- _Problem requirements_
Using the material below, repeat exactly the lines from the one with "Mug in an Art" through the one with "這款垃圾桶采用三分類形式,分", ends included, without any images.

- _Provided entries_
>>>

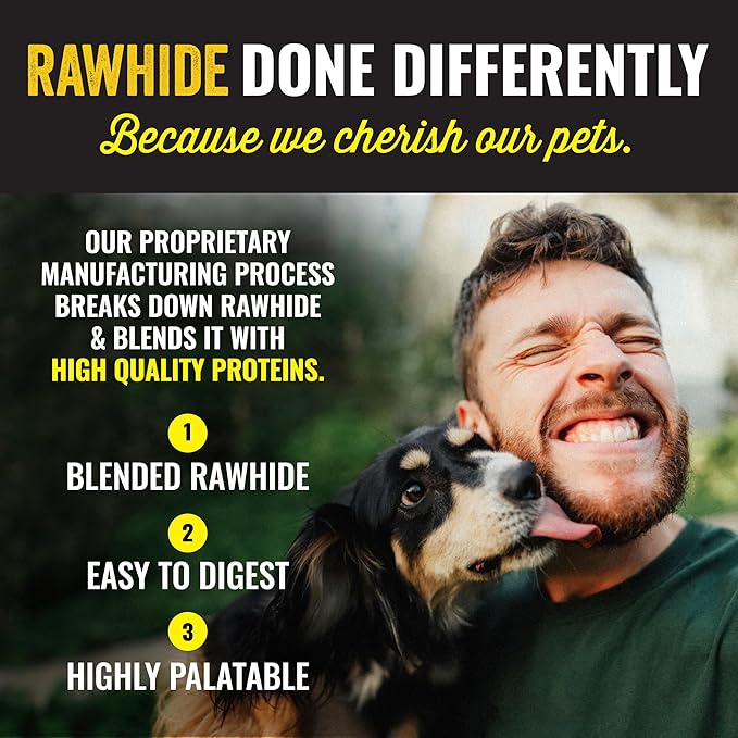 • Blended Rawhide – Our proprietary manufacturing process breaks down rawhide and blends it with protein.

<<<
>>>

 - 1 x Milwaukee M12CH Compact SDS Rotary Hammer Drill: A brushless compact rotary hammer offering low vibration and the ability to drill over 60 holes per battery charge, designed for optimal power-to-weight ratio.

<<<
>>>

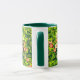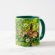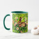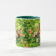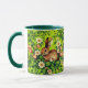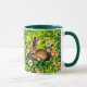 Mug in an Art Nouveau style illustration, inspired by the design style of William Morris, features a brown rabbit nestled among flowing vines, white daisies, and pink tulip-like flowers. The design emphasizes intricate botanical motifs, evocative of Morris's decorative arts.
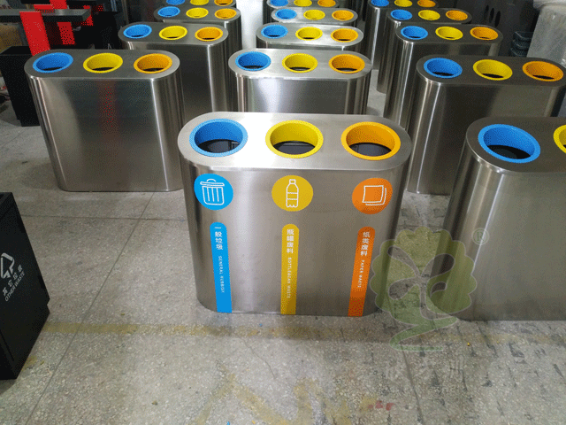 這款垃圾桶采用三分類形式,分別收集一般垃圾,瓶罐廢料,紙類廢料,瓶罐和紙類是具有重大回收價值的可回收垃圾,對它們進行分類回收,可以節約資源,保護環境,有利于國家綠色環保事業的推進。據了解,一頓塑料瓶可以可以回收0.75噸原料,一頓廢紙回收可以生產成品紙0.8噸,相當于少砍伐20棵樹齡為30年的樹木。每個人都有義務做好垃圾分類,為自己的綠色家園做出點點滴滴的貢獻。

<<<

- _Answer section_
 Mug in an Art Nouveau style illustration, inspired by the design style of William Morris, features a brown rabbit nestled among flowing vines, white daisies, and pink tulip-like flowers. The design emphasizes intricate botanical motifs, evocative of Morris's decorative arts.
 這款垃圾桶采用三分類形式,分別收集一般垃圾,瓶罐廢料,紙類廢料,瓶罐和紙類是具有重大回收價值的可回收垃圾,對它們進行分類回收,可以節約資源,保護環境,有利于國家綠色環保事業的推進。據了解,一頓塑料瓶可以可以回收0.75噸原料,一頓廢紙回收可以生產成品紙0.8噸,相當于少砍伐20棵樹齡為30年的樹木。每個人都有義務做好垃圾分類,為自己的綠色家園做出點點滴滴的貢獻。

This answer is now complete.